5. Conclusions and Further Prospects

We have presented a comprehensive collection of the summation formulae for two (universal) sequences, ${\Phi }_n(u,v)$ and ${\Psi }_n(u,v)$. Detailed proofs are offered for only a few of them, as most of them can be validated without difficulty by employing recurrence relations, Binet-form expressions, and generating functions. To ensure accuracy, all the displayed equations have been verified by the computer algebra system Wolfram Mathematica (version 11). Our formulae unify numerous identities for the following six number/polynomial sequences:

• Fibonacci and Lucas numbers mainly collected in Koshy’s monograph [4] and scattered through the literature (cf. [13,14,15,16,17,18,19,20,21,22,23,24,25,26,27]);
• Pell and Pell–Lucas polynomials mainly collected in Koshy’s monograph [6] and scattered through the literature (cf. [8,10,11,28,29,30,31,32,33]);
• Chebyshev polynomials of the first and second kinds mainly collected in Mason and Handscomb’s monograph [7] and scattered through the literature (cf. [34,35,36,37,38,39,40,41,42,43]).

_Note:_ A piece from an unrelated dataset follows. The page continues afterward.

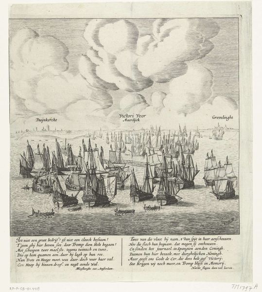Editor: This engraving, “De slag op het Slaak, 1631”, created sometime between 1651 and 1652, depicts a chaotic naval battle scene. There are so many ships crammed into the composition, and the smoke from the cannons is really intense! What sort of significance did scenes like this carry back then? Curator: This imagery presents an interesting study in how power and conflict are represented. These scenes weren’t just records; they were carefully constructed narratives meant to evoke specific emotional responses. Think of the billowing smoke. What feelings does that evoke in you? Editor: Danger, for sure! And a sense of overwhelming force, I guess. Curator: Precisely! And consider that this wasn’t simply about documenting a battle; the visual drama itself reinforces ideas of national strength, of resilience against adversaries. Note the symbols: the flags, the specific designs of the ships. These details encode identity. Editor: So it’s less about accuracy and more about…persuasion? Like propaganda, almost? Curator: Indeed. But more than propaganda, it is about cultural memory and its preservation. These symbols became shorthand, allowing viewers to connect current struggles with past glories, reinforcing national identity and continuity over time. What enduring values or anxieties do you think the artist tried to express by creating this scene in this particular style, so long after the actual event? Editor: That’s a great point about memory. Maybe they wanted to keep reminding people about the cost of freedom. Curator: A potent interpretation! It reveals how images function as powerful touchstones within a culture. Editor: Seeing the symbols as cues for collective memory gives this image a whole new depth for me. Curator: Precisely! We learn to understand an image’s many layers.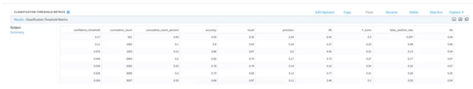 For more information about this operator and its available metrics, see Prediction Threshold.

It should be pointed out that there are important topics not covered in this paper. For instance, the following five themes:

• Reciprocal sums (concerning Fibonacci/Lucas numbers [44,45,46,47]);
• Multiple convolution sums (concerning Fibonacci/Lucas numbers [48,49,50,51] and Chebyshev polynomials [52,53,54]);
• Power sums of higher orders (concerning Chebyshev polynomials [37,39,55,56]);
• Binomial (finite and infinite) sums involving integer (floor and ceiling) functions [30,46,57,58,59,60,61];
• Fibonomial/Lucanomial coefficients and related sums connected to the q-series theory (cf. [62,63,64,65,66]).

The authors believe that these topics are worthy of extensive investigation. Interested readers are encouraged to carry out further explorations.